CN115308078B - A method for determining the mass fraction of fatty acids in different tissues of soft fish - Google Patents

Abstract

The invention discloses a method for measuring the fatty acid mass fraction of different tissues of soft fish, and belongs to the field of biochemical detection. The determination method includes collecting and freezing fresh samples of soft fish carcass muscles, digestive glands and gonad tissues, freeze-drying to constant weight respectively, grinding and pulverizing, and using tissue fat Soxhlet extraction method to analyze the fat in the muscle, digestive gland and gonad tissue samples. Extraction is carried out in two stages to obtain the fatty acid mass fraction of different tissues. According to the dry weight of the sample used for fat extraction and the proportion of fatty acids and fats, the dry weight of the sample corresponding to the fatty acids and fats of each tissue is obtained. According to the measured fatty acid concentration, the dry weight of each sample is obtained. The fatty acid mass fraction of each tissue can solve the problems of incomplete tissue fat extraction and oxidation during tissue fat extraction caused by the difference in fat extraction time of different tissues of soft fish. It can be used in fields such as marine ecology and reproductive ecology. Determination and analysis of fatty acid biomarkers.

Description

A method for determining the mass fraction of fatty acids in different tissues of soft fish

Technical field

The invention belongs to the field of biochemical detection, and specifically relates to a method for determining the mass fraction of fatty acids in different tissues of soft fish.

Background technique

Cephalopods are important marine economic animals and are considered by the Food and Agriculture Organization of the United Nations to be one of the fishery resource species with the greatest potential for development in the future. Among them, soft fish are important targets for the world's cephalopod fishery and my country's offshore squid fishery. According to the United Nations The latest data from the FAO show that the total catch of soft fish caught commercially in the world in the past ten years is about 3 million tons per year. At the same time, these species occupy an important ecological position in the marine ecosystem and are at the forefront of the marine ecological food chain. In the middle, some species are even the top predators in the oceans in which they live.
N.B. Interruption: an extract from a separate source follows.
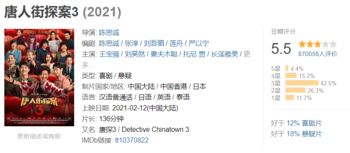 照我们一般理解,电影的票房跟口碑应该成正比。但是不管从电影质量还是口碑来看,《唐探》系列都不能算是优秀。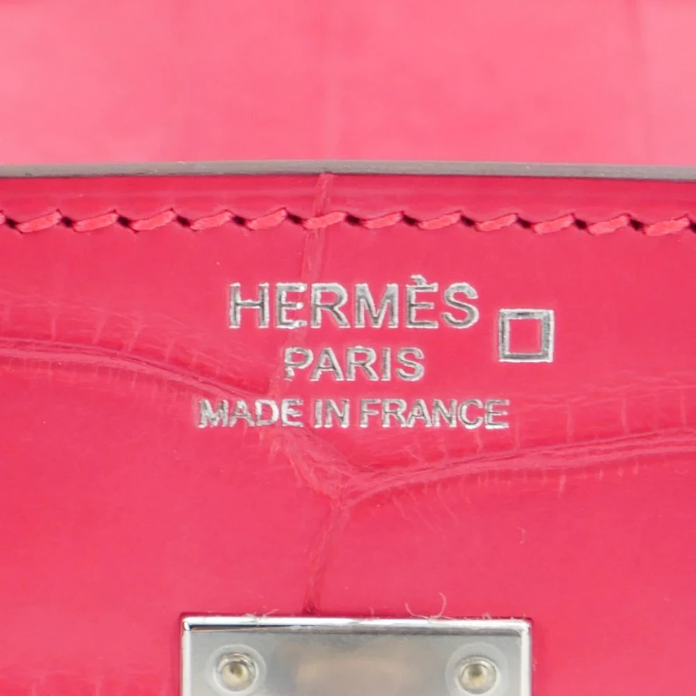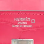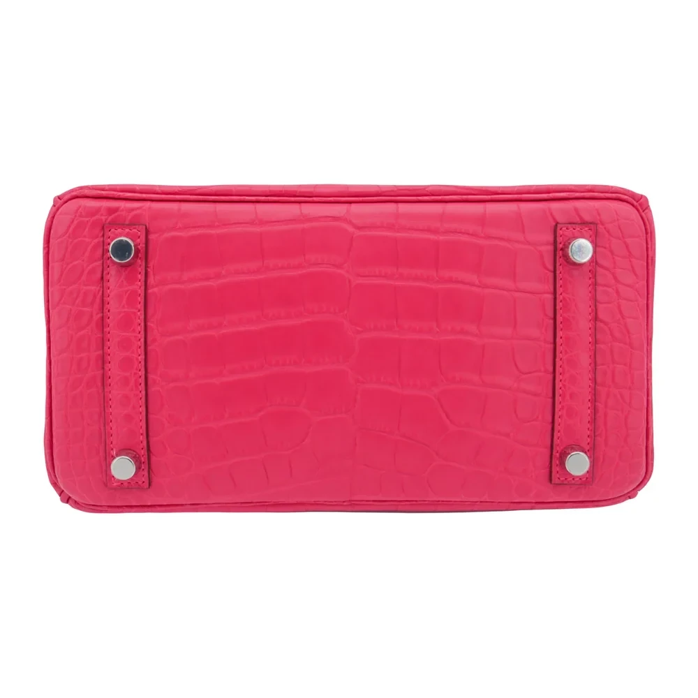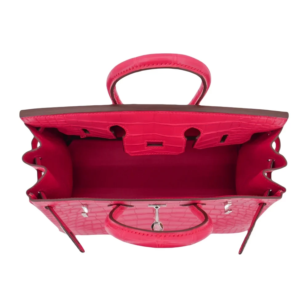 This Hermès style Birkin 25 dazzles in Rose Extreme matte alligator leather, a vivid hot pink. Palladium hardware cools the 25cm design with modern contrast. Matte alligator stays scratch resistant and eye catching. Compact yet fits essentials like lipstick and cards. Pair with neutrals for bold pop. Perfect for parties or summer events. Unapologetic glamour.

Fatty acids are relatively conserved in the food chain and can be used as markers to trace the nutritional relationship of research objects. At the same time, fatty acids are important nutrients and energy substances for individual animals, affecting embryonic development and normal growth. At present, fatty acids as biomarkers have become an important part of the field of ecology and have been proven to be an important technical means for exploring bioecology, feeding ecology and other aspects. Recently, fat as a biomarker has also been used in the study of reproductive energy accumulation and reproductive investment strategies in oceanic soft fish, tracing the source of reproductive energy and its selective adaptability to the habitat of the sea environment. However, different from applied research in feeding ecology, research on reproductive investment strategies not only requires comparative analysis of the similarity and change patterns of fatty acid compositions between tissues, consumers and prey, but also requires the analysis of fatty acid quality. Comparison of changing trends in content. Therefore, after measuring the fatty acid concentration of the research object using gas chromatography-mass spectrometry (GC-MS), it is necessary to convert the fatty acid mass fraction.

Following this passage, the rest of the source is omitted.